La comunidad

"La Comunidad" is an autobiographical project that portrays the reconstruction of my community, San José, After the internal armed conflict in Guatemala.

"La Comunidad" is an autobiographical project that portrays my community, San José, located in Mixco, construed within the context of the internal armed conflict in Guatemala and in the post-war period. Several people originating from various places get organized to have access to basic living conditions and begin to inhabit this place. The majority are Mayan people who come from rural territories, forced to abandon their homes and rebuild their lives near the city.

My family is part of this forced migration and, growing up in this place, I decided to start documenting our experience. Initially, the intention was simply to create a family registry. However, the archive began to grow as other people in the community asked me to document their social events. Given that I had known most of them since I was a child, this allowed me to establish a closer and more intimate bond. The conversations I held with them were fundamental in determining what was important to record and what was not. Photography became the end result of long walks, conversations, visiting homes and participating in social events.

I belong to the generation that grew up in peace after war; I consider it important to record how communities and families rebuild after a trauma so profound that it altered our social relationships. Several of the photographs focus on celebrations of life; actions that seem like everyday actions but took generations to relive. As a K'iche' photographer, I consider that building a visual memory is an action of justice that portrays not only the trauma but what follows after having experienced it. 

Inhabiting the dreams of our ancestors is a way of doing them justice from the present; the war left invisible traces that continue to torment us, open wounds that, even if the passing years, will be difficult to heal.

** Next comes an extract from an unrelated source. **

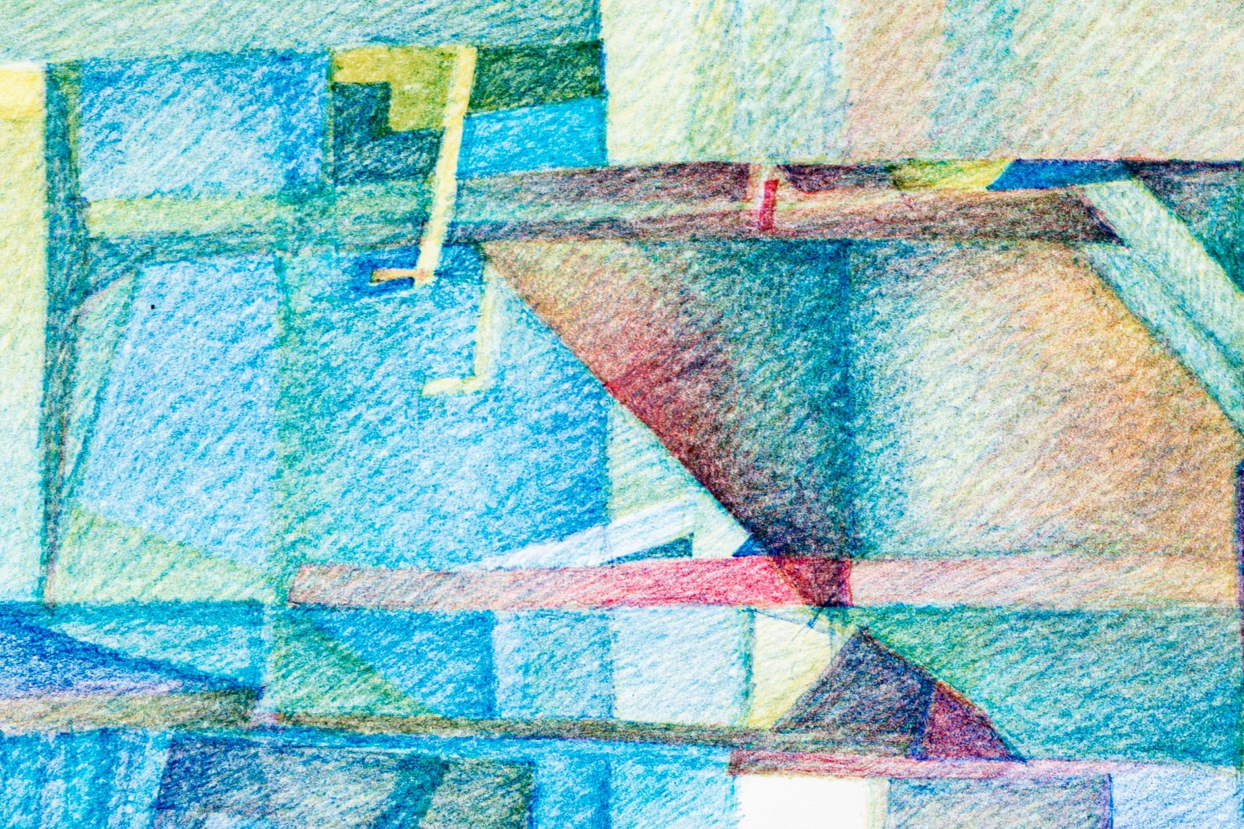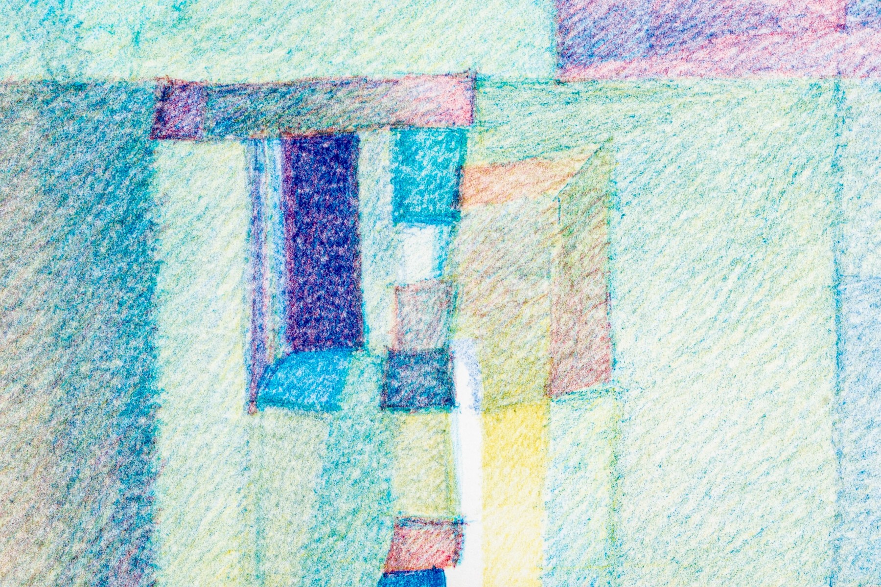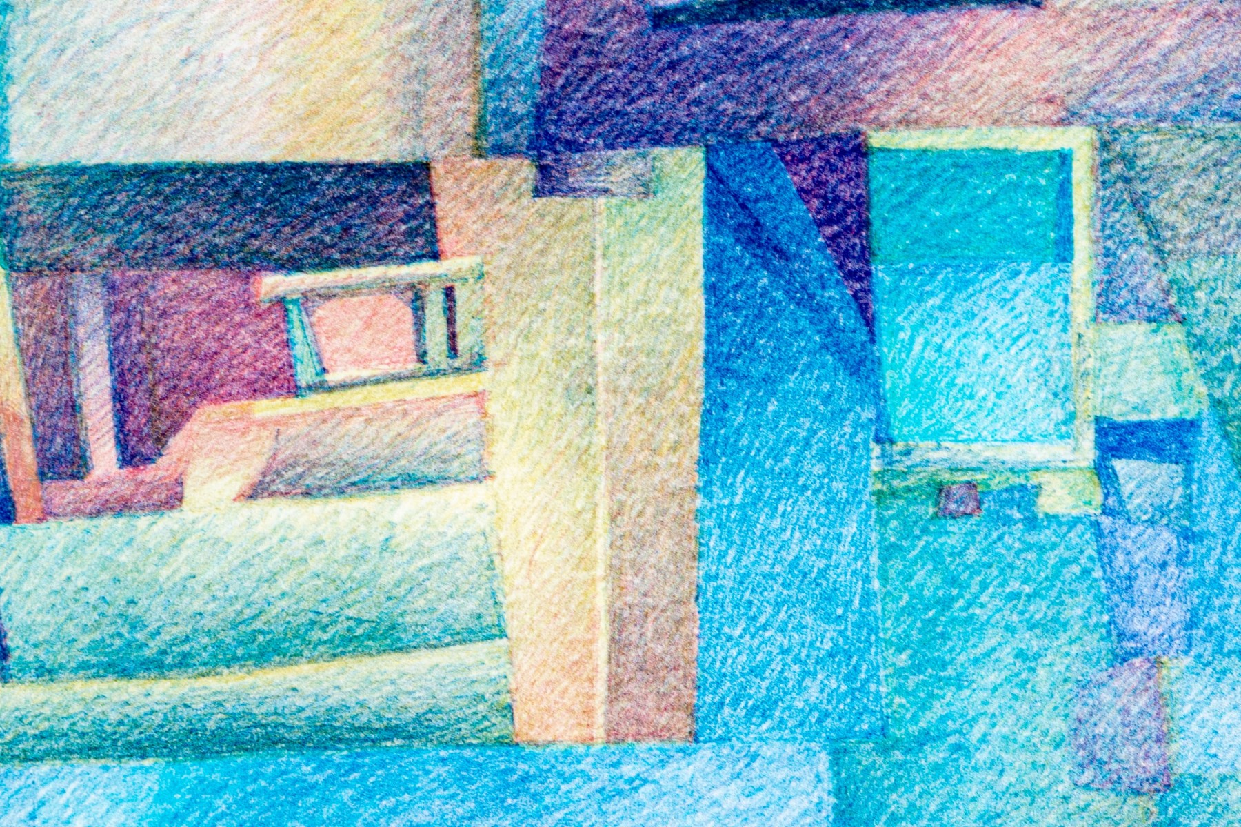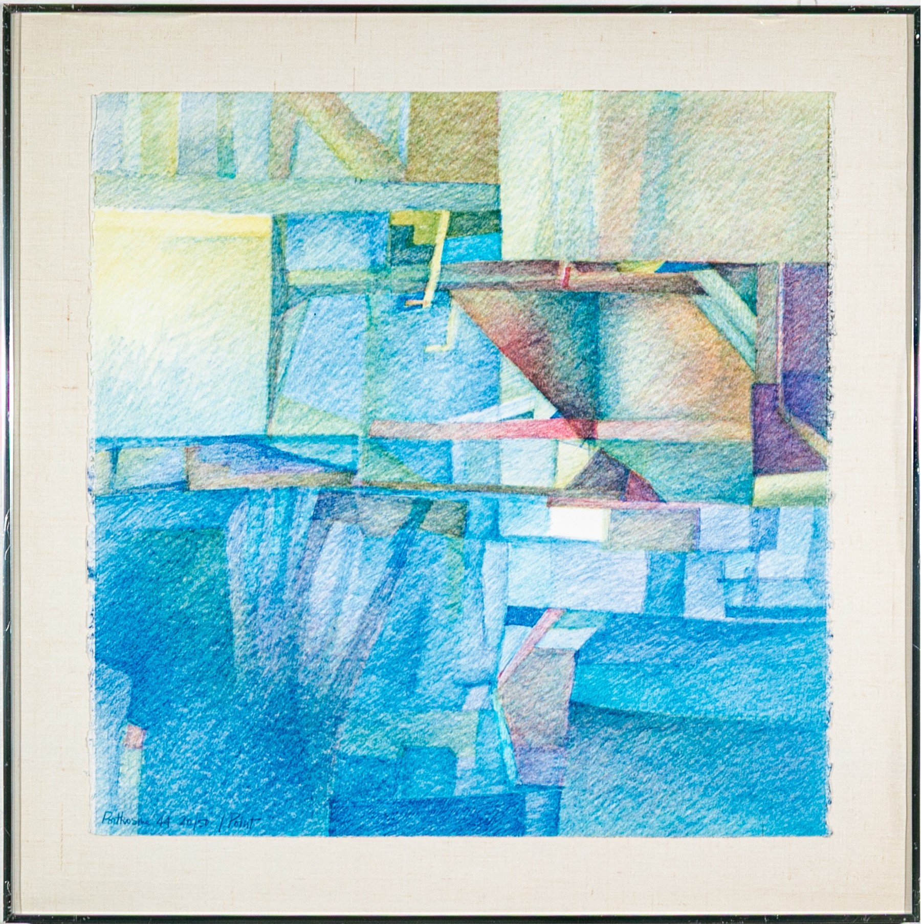 Each signed, titled and numbered- Portkosme 42, 43, 44 and 45, each edition of 20/50. Printed by Atelier d'Edoume, Marseille. Beautiful colored abstracts with bright turquoise. Each mounted on linen and presented in brushed chrome frames with glass.

Anti-racist fictions throughout history have liberated us as a society, because they allowed our ancestors to find escape routes from coloniality and invasion.

Imagination and knowledge have been central to existing in the present, however, these forms of survival have been relegated to categories that subordinate their potential and invisiblize the collective transformation they have achieved. 

My practice as a photographer has been to stand from this place and reconstruct the narratives with which I want my people to be portrayed, through the awareness that photography plays with time; it has the ability to record the past but also be an image for the future. I want to record not only the trauma but also the reparation.